Get a realistic handle on the risk:

Let’s say you’re about to cross the street when you hear a blaring bus horn. Instinctively, you leap back to safety on the sidewalk, often before you’re aware of having a conscious thought. This is the part of your brain called the amygdala, the source of the instinctive “fight or flight” response, in action. Just as our ancestors learned that the roar of a saber tooth tiger spelled bad news, you’ve learned, over time, that the roar of a bus could result in you getting pancaked. Your fear—and your response to it—is appropriate.

Now let’s say that based on this incident, you conclude that walking across the street is unsafe under any conditions. You’re just not going to do it, ever again. Your fear of being hit by a bus has gone off the charts, and is no longer a proportionate response to the potential threat. You’ve crossed the line from fear into phobia.

Figure out you’re really afraid of—and why:

“I’m afraid of being at home alone,” says Beth. If you ask her why, she’ll tell you she’s worried about break-ins, or rapists, or a house fire, or falling and being unable to summon help. If those were her actual fears, there are steps she could take to minimize risk: security precautions, neighborhood watches, smoke detectors, one of those things you wear around your neck that summon emergency help.

But that’s not what really scares Beth. What she’s afraid of is feeling lonely. It might help Beth to ask herself what she is making being alone mean: that she is and will forever remain unlovable? That she is not competent at self-care, or strong enough to emotionally sustain herself?

What Beth needs to do is to acknowledge what it is she’s really afraid of, and then face that fear square in the face. Beth might go through some uncomfortable feelings at first, but feelings have beginnings, middles, and, thankfully, ends. Once Beth comes out the other side of her fear and she has not ceased to exist, it will have less power over her the next time.

Retrain your brain:

Jack is afraid of public speaking. He’s worried that he’ll stutter, that he’ll sound stupid, that he’ll develop flop-sweat, or that, worst of all, he’ll simply freeze up like a deer in the headlights. His fear is costing him at work, where peers who make compelling speeches at industry functions are moving up the corporate ladder.

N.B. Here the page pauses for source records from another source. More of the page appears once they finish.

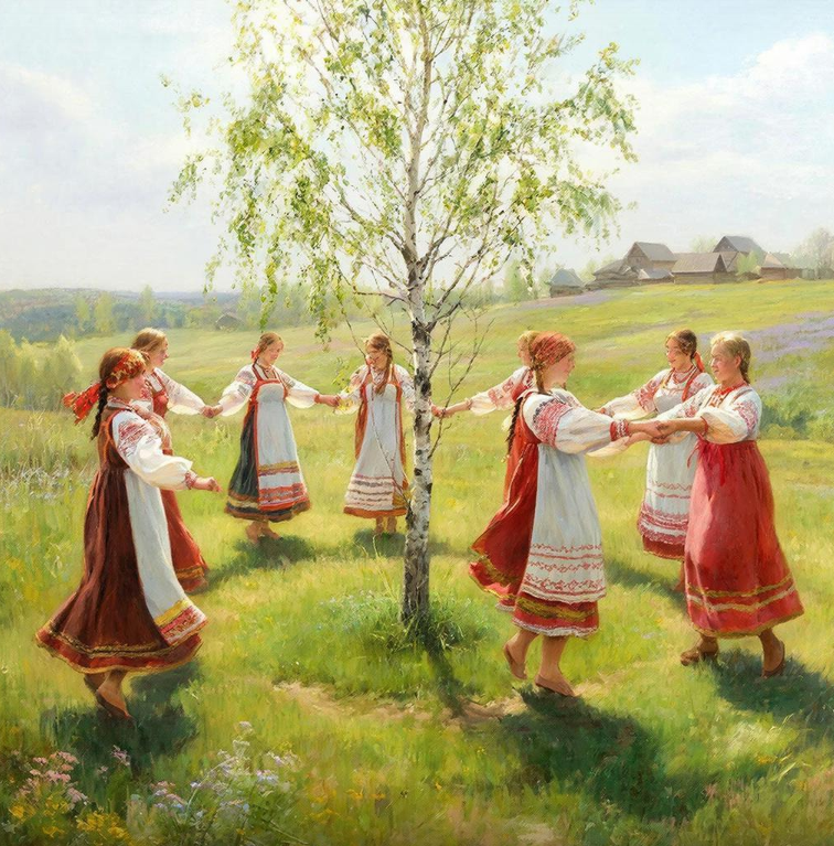 ▌ Вихрь времён: женский хоровод вчера и сегодня В древние времена русская земля жила не только трудом да заботой, но и особой магией обрядовых танцев – женскими хороводами. Эти круговые движения словно объединяли всех участниц в единое целое, открывая им доступ к древним знаниям и энергии природы. Под ритмичный напев звучали голоса девушек и женщин, переплетаясь в таинственный узор гармонии и красоты. ▌ Таинство древнего круга Хоровод всегда был символом единства и порядка, он соединял людей между собой невидимыми нитями судьбы и наполнял пространство особыми вибрациями. Когда женщины собирались вместе, чтобы водить хороводы, они не просто двигались по кругу, а входили в особое состояние сознания, где могли соприкоснуться со своей внутренней силой и мудростью предков. Круг олицетворял солнце, символ плодородия и обновления, и каждая женщина ощущала себя частью этого вечного цикла рождения и смерти. Женский хоровод представлял собой не просто танец или развлечение; это было важное риту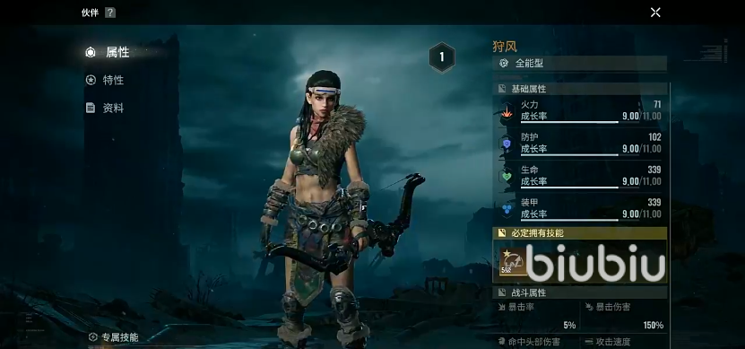 这是个比较擅长使用弓箭攻击敌人的女性伙伴,整体形象看起来非常的帅气,在战斗时也是很飒。战意技“穿林三箭”,战意值达到上限后可使用,发射出连环三箭,每次造成500%的伤害,并使其进入创伤状态,处于该状态的敌人每秒受到100%伤害,能持续14秒。主动技“跗骨藤毒”,发射出带藤毒的箭攻击敌方,受到攻击的敌人承受1500%的伤害,并让敌方进入滕毒状态,在14秒内的每秒都承受200%的伤害,同时射击精准度降低50%。被动技能“蛇毒”,每次射击命中敌人后,有50%概率使其进入蛇毒状态,每秒受到30%的伤害,同时射击精准度下降10%。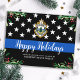 Envía saludos navideños felices a amigos, empresarios, compañeros de los departamentos de aplicación de la ley y a tu comunidad con esta tarjeta única de Navidades del Departamento de Policía de la Línea Azul - Bandera estadounidense con los colores de la bandera de la policía, negro y azul moderno con hojas y bayas huecas. Personaliza con el logo, mensaje y departamento del departamento de policía . DERECHOS RESERVADOS © 2020 Judy Burrows, Black Dog Art - Todos los derechos reservados. Postal de vacaciones delgada de la línea azul del Personalizado del Departamento de Policía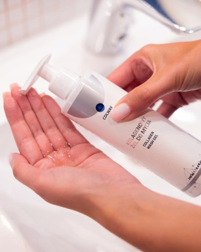 Kolagenowy Żel do Mycia przeznaczony jest dla każdego rodzaju skóry, również dla cery wrażliwej, zmęczonej, oczekującej poprawy jędrności i świeżości. Unikalny skład kosmetyku zapewnia skórze właściwe odżywienie i nawilżenie, a specjalnie skomponowany zespół bardzo łagodnych substancji myjących wyklucza podrażnienia, czyniąc zabieg mycia nie tylko twarzy, ale też całego ciała - komfortowym. COLWAY proponuje w swojej ofercie wyłącznie produkty ponadstandardowe i zawsze synergiczne z kosmetykiem XXI wieku – Kolagenem Naturalnym, pozyskiwanym bezpośrednio ze skór rybich.

In Jack’s case, he needs to teach his brain—the amygdala, remember?—that public speaking is not a risk equivalent, say, to playing Russian roulette. If Jack started out small—making speeches to his mirror, his family, trusted friends, a Toastmaster’s chapter—he would learn through small successes that stepping outside his comfort zone is worth the potential risks. In time, he would no longer perceive public speaking as a frightening experience.

Be willing to fail:

Many of our fears can be boiled down to one essential, core fear: fear of taking a risk and falling flat on our faces. Ask yourself: what’s really at risk here? You might not get that job you want. You might not get the girl or guy. You might not win this particular battle. You might look stupid. You might make a mistake. In really rare circumstances, without sufficient safety precautions, you might die.

Weigh what you want against the potential consequence. is it worth it? Can you reduce the risk, so it’s at an acceptable level? More importantly, can you fail, and still be okay?

Look at it this way: around about 11–12 months old, most of us pulled ourselves up on plump, wobbly legs, took an unsteady first step, and promptly fell back down on our Pampered butts. If we had said to ourselves, “Well, that really sucked! I’m never doing that again!”, we’d all still be crawling.

Before we could even form complete sentences, we knew how to take risks. We knew that what we wanted—autonomy!—mobility!—that shiny glass globe over there Mommy won’t let us touch!—was worth the risk of falling down.

Fear is a thought. Fear is a tool. You can use it to keep you physically safe from harm. Or you can allow it to hobble you and keep you from having the life you say you want and being the person you want to be.

The cool thing is, you get to choose. Free will. It’s a beautiful thing.